_Brief_: Reproduction of part of the material below, pictures omitted: copy exactly, and only, the lines starting with the one with "Стул барный кожаный" and going on through the one with "Afghanistan vital record".

_Records for the task_:
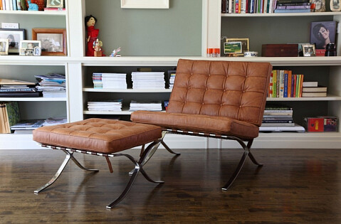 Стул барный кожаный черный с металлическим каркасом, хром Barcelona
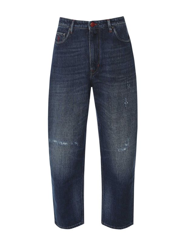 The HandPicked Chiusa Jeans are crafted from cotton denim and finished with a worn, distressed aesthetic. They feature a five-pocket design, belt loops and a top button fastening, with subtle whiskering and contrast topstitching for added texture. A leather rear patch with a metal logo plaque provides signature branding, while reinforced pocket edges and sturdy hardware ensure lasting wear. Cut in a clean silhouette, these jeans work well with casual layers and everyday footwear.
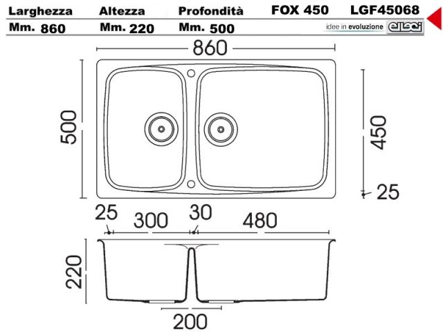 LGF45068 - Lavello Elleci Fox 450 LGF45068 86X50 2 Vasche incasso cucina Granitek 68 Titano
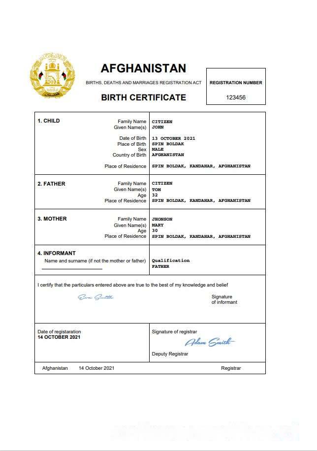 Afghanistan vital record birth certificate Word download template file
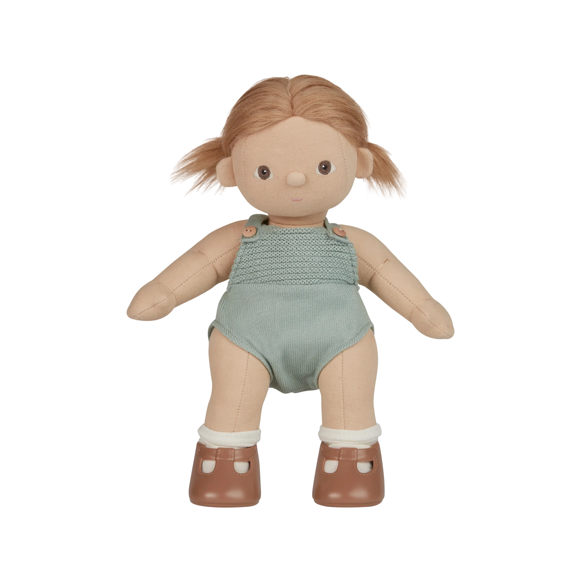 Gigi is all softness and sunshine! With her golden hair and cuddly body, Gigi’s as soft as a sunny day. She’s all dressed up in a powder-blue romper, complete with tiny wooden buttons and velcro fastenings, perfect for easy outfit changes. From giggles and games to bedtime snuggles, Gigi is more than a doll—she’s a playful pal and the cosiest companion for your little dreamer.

---

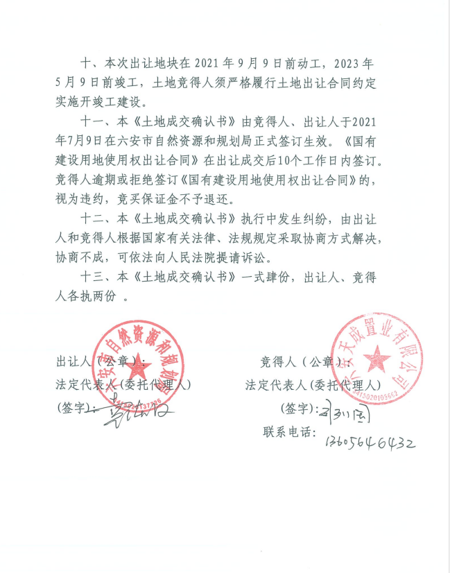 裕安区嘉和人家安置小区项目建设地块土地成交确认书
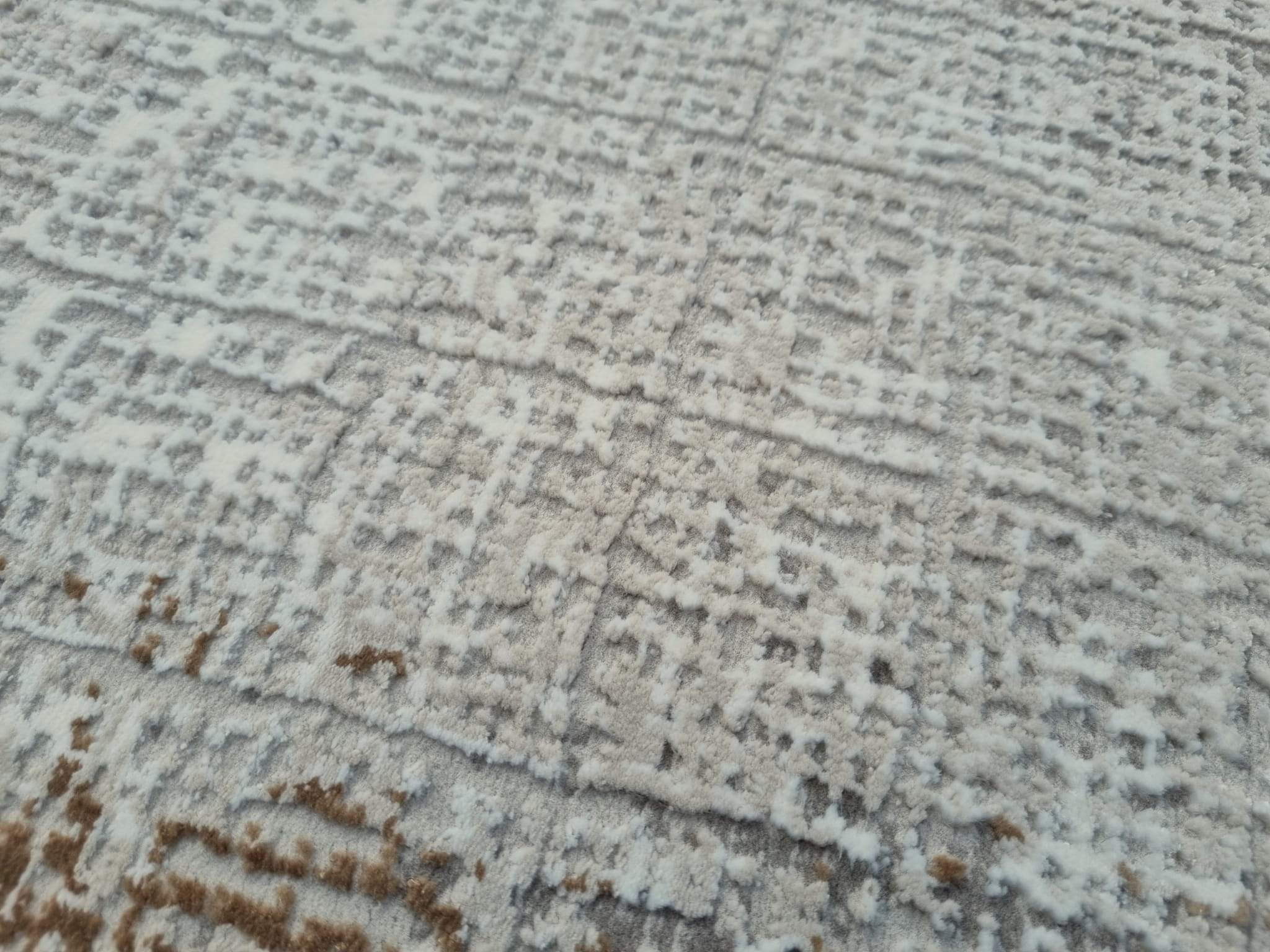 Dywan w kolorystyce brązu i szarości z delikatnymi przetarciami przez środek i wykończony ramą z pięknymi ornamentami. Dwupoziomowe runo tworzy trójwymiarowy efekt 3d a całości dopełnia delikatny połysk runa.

_Result_:
 Стул барный кожаный черный с металлическим каркасом, хром Barcelona
 The HandPicked Chiusa Jeans are crafted from cotton denim and finished with a worn, distressed aesthetic. They feature a five-pocket design, belt loops and a top button fastening, with subtle whiskering and contrast topstitching for added texture. A leather rear patch with a metal logo plaque provides signature branding, while reinforced pocket edges and sturdy hardware ensure lasting wear. Cut in a clean silhouette, these jeans work well with casual layers and everyday footwear.
 LGF45068 - Lavello Elleci Fox 450 LGF45068 86X50 2 Vasche incasso cucina Granitek 68 Titano
 Afghanistan vital record birth certificate Word download template file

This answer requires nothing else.